У Михайла Петрова родился первый ребенок и помер — «незнамо отчего». Михайло Петров с женой стояли над ним дни и ночи почти целый месяц, не зная, что с ним делается и чем помочь. Он орал без умолку от какой-то страшной боли, против которой нигде, на сто верст кругом, не было помощи. Барыня-помещица знала в медицине только две вещи — деревянное масло и спуск. Батюшка знал — масло из лампады, спуск, просвиру за здравие и молебен о здравии. Деревня знала много других средств, вроде того, что кричащего ребенка надо вынести на мороз и держать его на холоду до тех пор, пока он не начнет затихать, и потом нести в горницу, где он непременно заснет от такой внезапной встрепки. Ему вправляли живот, трясли за ноги книзу головой, поили оттопленным в печке чернобыльником, поили лампадным маслом — он все орал и вопил без всякого милосердия и, наконец, умер.
Жаль было ребенка, первого ребенка, Михайлу Петрову, и эта смерть разъяснила глупость его положения едва ли не сильнее отцовского самодурства и петербургской привольной жизни. Мужики, у которых мрут дети точно так же чуть не каждый год и которые все-таки продолжают пользовать их средствами, ведущими ко гробу, стали представляться ему чистыми глупцами, и ему было обидно, до крови больно, что и он — такой же глупец, как и они. Надо к этому прибавить, что, воротясь из столицы, он вынес некоторое понятие вообще о порядке, необходимом в делах, для того чтобы дела шли успешно: взял — отдай, нанялся — работай, подрядился — исполни, что следует — получи. Деревня же, в которой ему пришлось жить своим хозяйством после таких питерских порядков, ничего подобного знать не могла; время после крепостного права стояло запутанное, положение дня не выяснилось для крестьян, и эта путаница была Михайлу Петрову невыносима.

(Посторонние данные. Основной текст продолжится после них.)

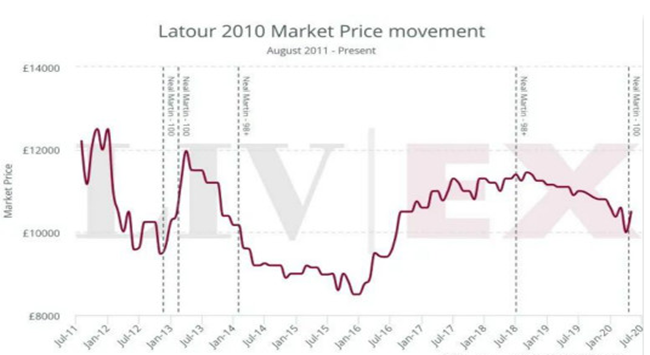 有跌有升,在接下來的幾年,此酒的價(jià)格開始隨大市走強(qiáng)而上升。然而,在2018年再次被確認(rèn)98+分后,價(jià)格又再次波動(dòng)。如今,此酒比其2011年時(shí)的前倫敦發(fā)行價(jià)(11,000英鎊 每箱12×75)折價(jià)5%。
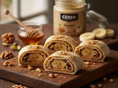 Ingredients 2 CEREN Tortillas 2 tablespoons CEREN Tahini 1 tablespoon honey (or date syrup) 1 banana, sliced 1 tablespoon chopped walnuts or pistachios Pinch of cinnamon Instructions Prepare filling: Spread CEREN Tahini on each tortilla. Drizzle with honey. Add fruit & nuts: Arrange banana slices down the center, sprinkle with nuts and cinnamon. Roll...
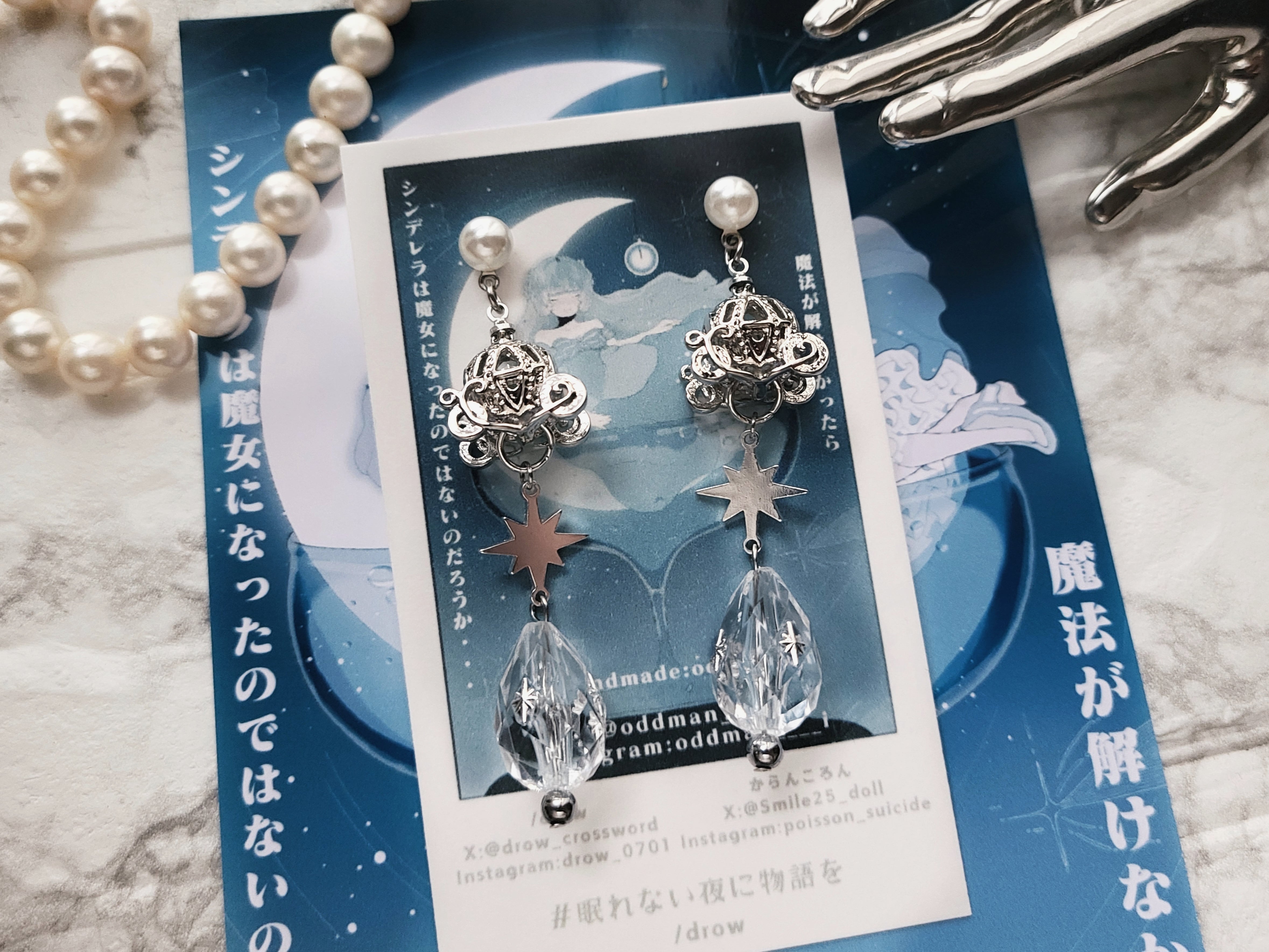 シンデレラをモチーフにした、夜空を走るかぼちゃの馬車の耳飾り。

У него, например, подряжаются строить избу за тридцать рублей, подряжаются без бумаги, на совесть, и уходят, получив задатки, потому что вдруг на них нахлынула откуда-то практическая струя нового времени, гласящая, что «без росписки ноне ничего не поделаешь», а между тем «по той же самой совести» — они же, за одну только водку, делают в пять раз труднейшую работу дьячку, потому, мол, что добрый человек. То в ножки кланяются по старой памяти, то сами же высекут себя в волости. Все это Михайлу Петрову было не по нутру. Смерть первого ребенка еще более ожесточила его на бестолочь, окружающую его, и на его собственную бестолочь, от которой он не мог выбиться, как мужик. Он, как умный человек, сразу понял, что ему нужны деньги — и пока больше ничего, чтобы не тянуть этой лямки, чтобы не покоряться случайностям от забитых, запутанных людей и случайных порядков, чтобы не вредить себе своим собственным невежеством. «Выбираться» — вот что сделалось его задачей, а умная жена тотчас сполна поняла и прониклась этой задачей. Как хорошая, умная подруга, она знала одно — что ей изо всех сил надо подсоблять мужу.
Они опять хотели было в Петербург ехать, но, на счастье, в деревню назначено было человек двадцать молодых людей какой-то специальной школы: они должны были в течение лета производить съемки, нивелировать и т. д. Народ навалил веселый, большею частью состоятельный, и, на счастие Михайла Петровича, именно в его доме поместилось пятеро самых богатеньких.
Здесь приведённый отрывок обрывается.